BEGIN Given data
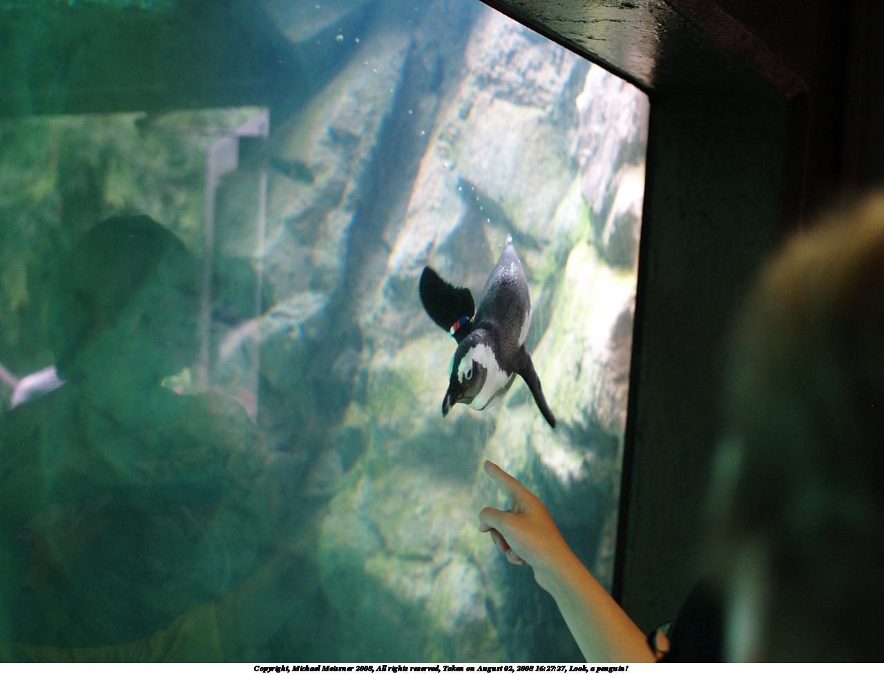 Picture #5: Look, a penguin! 1280x976, 109,904 bytes (108K), (html file) Copyright, Michael Meissner 2008, All rights reserved Olympus E-1 camera with Sigma 30mm f/1.4 lens f/1.6, ISO 400, 1/80 sec, 30.0mm, auto mode, SHQ, matrix metering, +2 contrast, +2 sharpening 35mm equivalent focal length 60.0mm Programs used: gimp Taken by Michael Meissner on August 02, 2008 16:27:27 Last modified on September 25, 2008 at 22:44 |
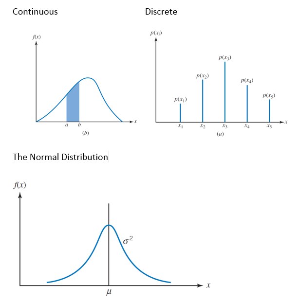 σ=√V(X) is called the standard deviation of the probability distribution. The standard deviation is a number which describes the spread of the distribution. Small standard deviation means small spread, large standard deviation means large spread.
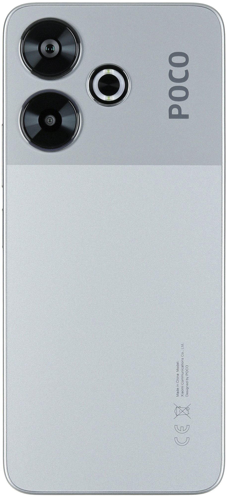 Смартфон POCO M6 в корпусе из серебристого пластика и стекла оборудован 6.79-дюймовым безрамочным IPS-дисплеем, который отличается широкими углами обзора и высокой цветонасыщенностью. Частота обновления 90 Гц гарантирует своевременную смену кадров при отображении динамичных сцен. Отсутствие задержек при запуске ресурсоемких приложений обеспечивает оперативная память объемом 6 ГБ.
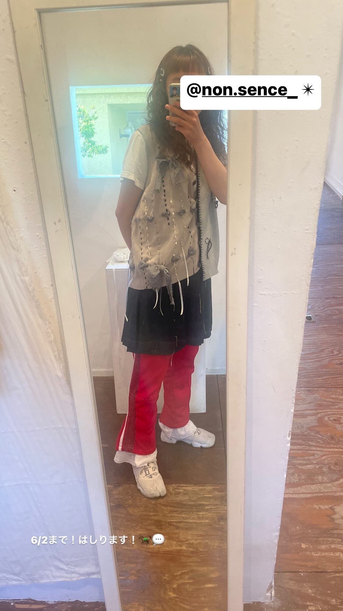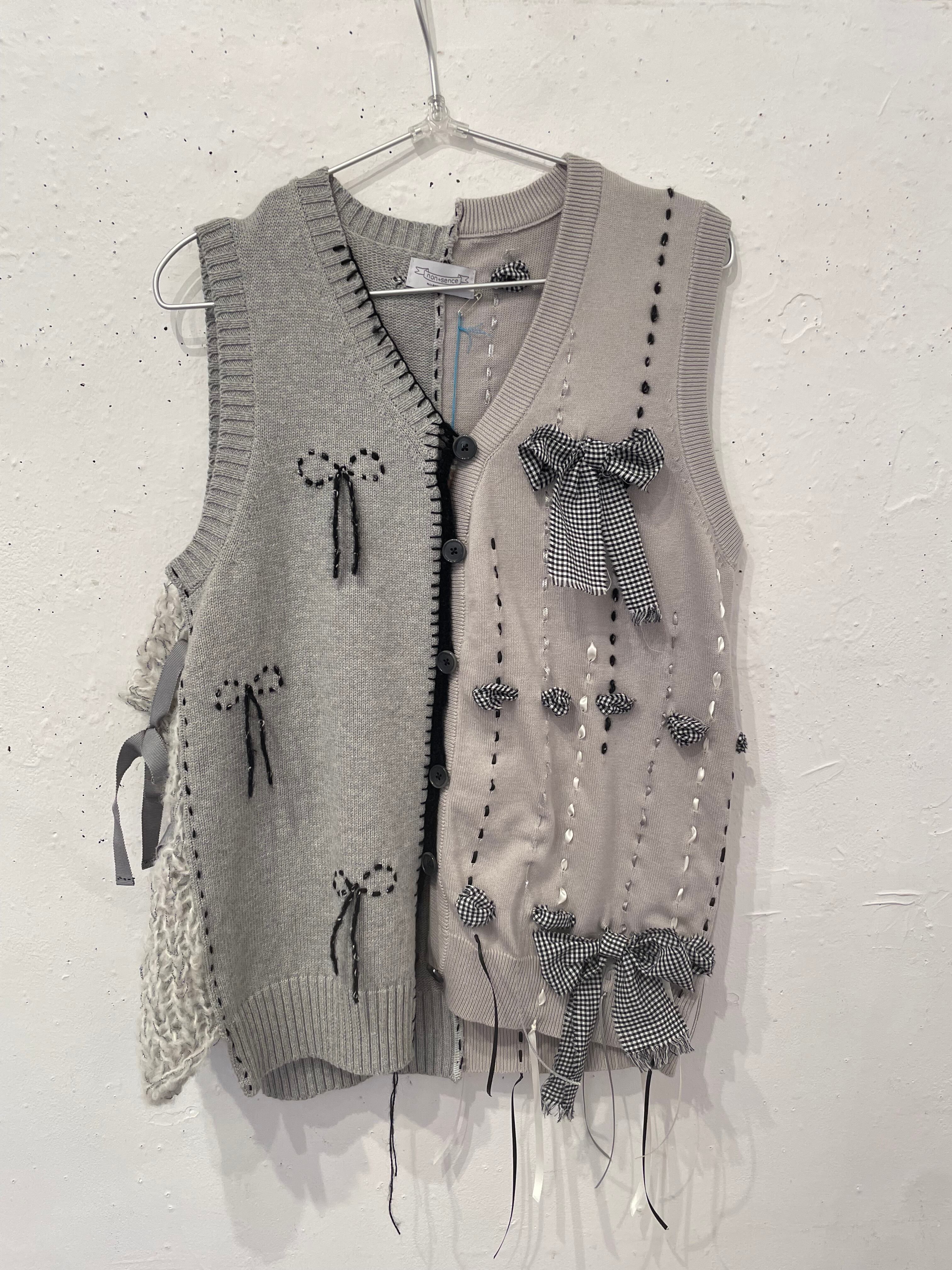 カタチやサイズの違う、スクールベストを繋げて、リボンで飾りつけ。
END Given data
Work instruction — The lines from the beginning of the listing above through the line holding "σ=√V(X) is called" are to be duplicated exactly, and the pictures omitted.

Solution for this exercise —
 Picture #5: Look, a penguin! 1280x976, 109,904 bytes (108K), (html file) Copyright, Michael Meissner 2008, All rights reserved Olympus E-1 camera with Sigma 30mm f/1.4 lens f/1.6, ISO 400, 1/80 sec, 30.0mm, auto mode, SHQ, matrix metering, +2 contrast, +2 sharpening 35mm equivalent focal length 60.0mm Programs used: gimp Taken by Michael Meissner on August 02, 2008 16:27:27 Last modified on September 25, 2008 at 22:44 |
 σ=√V(X) is called the standard deviation of the probability distribution. The standard deviation is a number which describes the spread of the distribution. Small standard deviation means small spread, large standard deviation means large spread.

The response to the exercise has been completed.